Your copy should hold every record exactly and no images.

:::

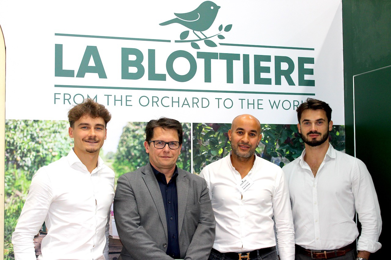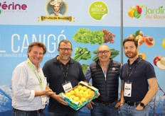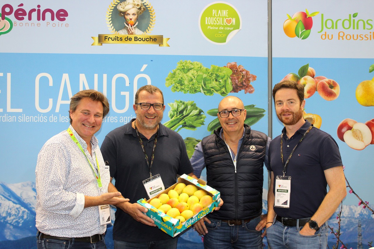 Benoit Escande (pépinières Escande), Pierre Battle (Ille Roussillon), Frédéric Garcia (Pépinières Escande) et Sebastien Rodriguez (Ille Roussillon) avec la poire Eden Gold
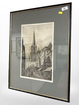 J R Hutchinson (Early 20th century) : High Street, Bristol, etching, 39 cm x 24 cm, framed.
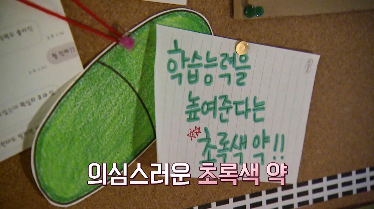 학생들은 초록 알약을 먹으면 공부를 잘할 수 있다는 사실에 이를 먹는다. 그리고 이 초록 알약은 공부를 잘하고 싶다는 욕망을 의미한다. 즉, 초록 알약은 S반과 동일시되는 욕망의 개념이고 이는 실제 사회에서 일어나는 이데올로기의 결과물이다. 초록색이 주는 상징적 의미는 일반적으로 생명과 평화로 알려져 있다. 그러나 초록색은 미성숙의 의미를 지니기도 한다. 이는 이데올로기 속에서 학생들을 미성숙한 존재로 여기는 시선을 의미하기도 하고, 미성숙한 존재가 될 수밖에 없는 학생들 자체를 상징하기도 한다.
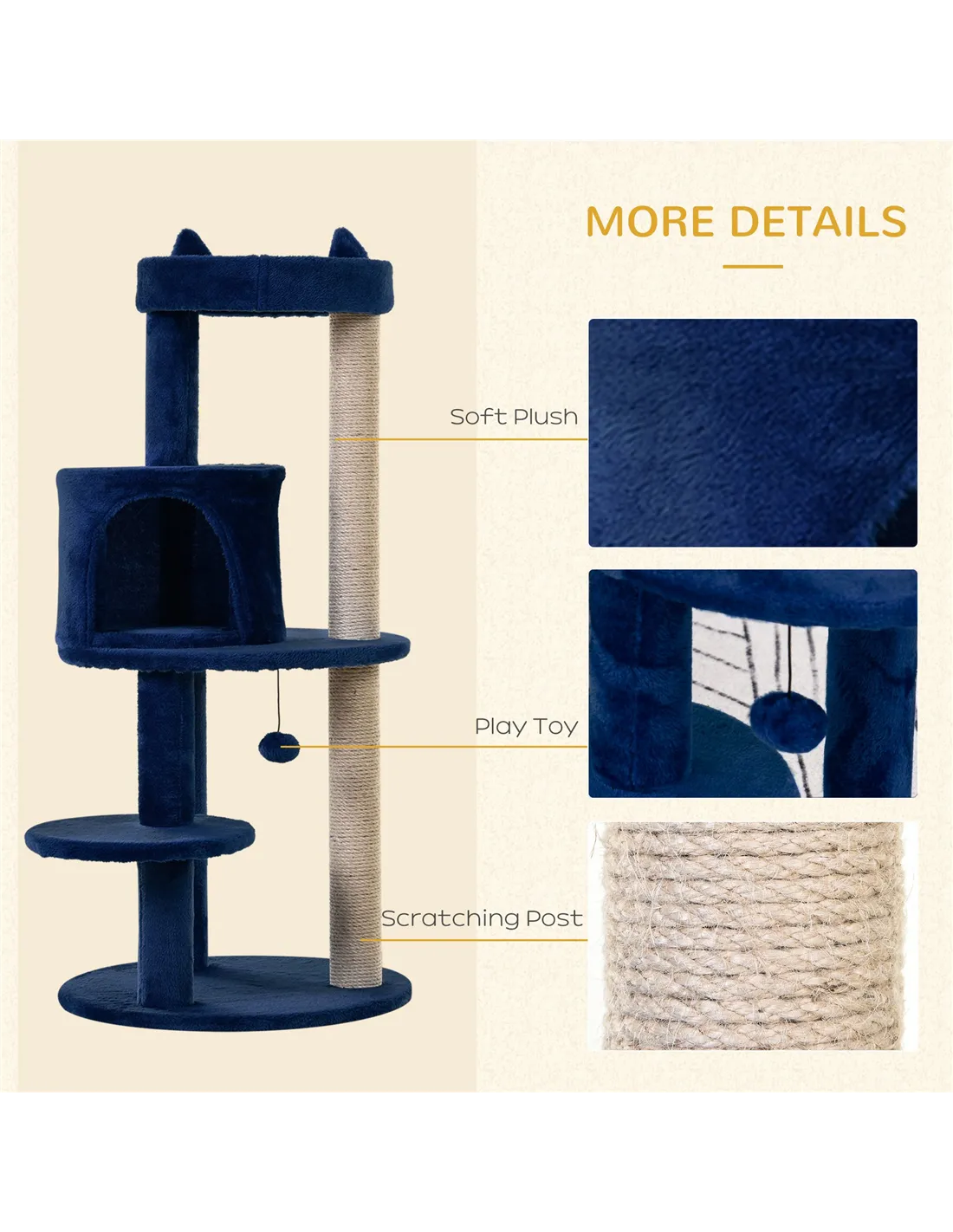 - Material: Particleboard, sisal, plush
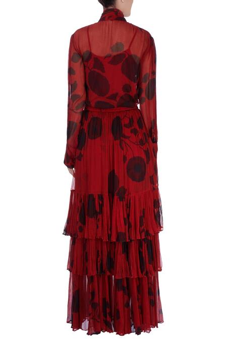 Red bow tie-up blouse featuring all over print. Pair with high waist skirts for best look. Come with inner
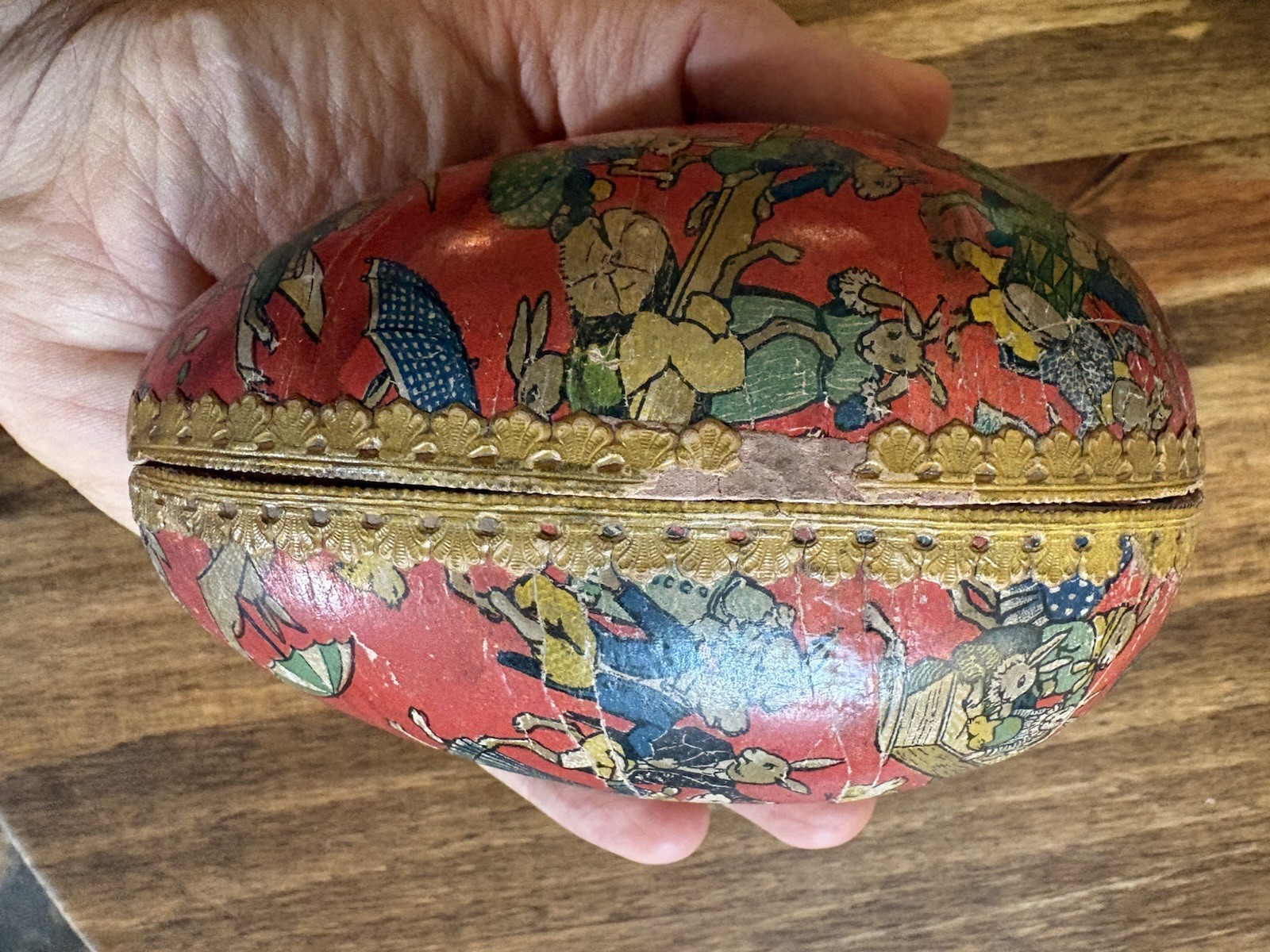 как выглядит Large Antique Paper Mache Easter Egg Candy Container фото

:::

Exercise solution:
 Benoit Escande (pépinières Escande), Pierre Battle (Ille Roussillon), Frédéric Garcia (Pépinières Escande) et Sebastien Rodriguez (Ille Roussillon) avec la poire Eden Gold
 J R Hutchinson (Early 20th century) : High Street, Bristol, etching, 39 cm x 24 cm, framed.
 학생들은 초록 알약을 먹으면 공부를 잘할 수 있다는 사실에 이를 먹는다. 그리고 이 초록 알약은 공부를 잘하고 싶다는 욕망을 의미한다. 즉, 초록 알약은 S반과 동일시되는 욕망의 개념이고 이는 실제 사회에서 일어나는 이데올로기의 결과물이다. 초록색이 주는 상징적 의미는 일반적으로 생명과 평화로 알려져 있다. 그러나 초록색은 미성숙의 의미를 지니기도 한다. 이는 이데올로기 속에서 학생들을 미성숙한 존재로 여기는 시선을 의미하기도 하고, 미성숙한 존재가 될 수밖에 없는 학생들 자체를 상징하기도 한다.
 - Material: Particleboard, sisal, plush
 Red bow tie-up blouse featuring all over print. Pair with high waist skirts for best look. Come with inner
 как выглядит Large Antique Paper Mache Easter Egg Candy Container фото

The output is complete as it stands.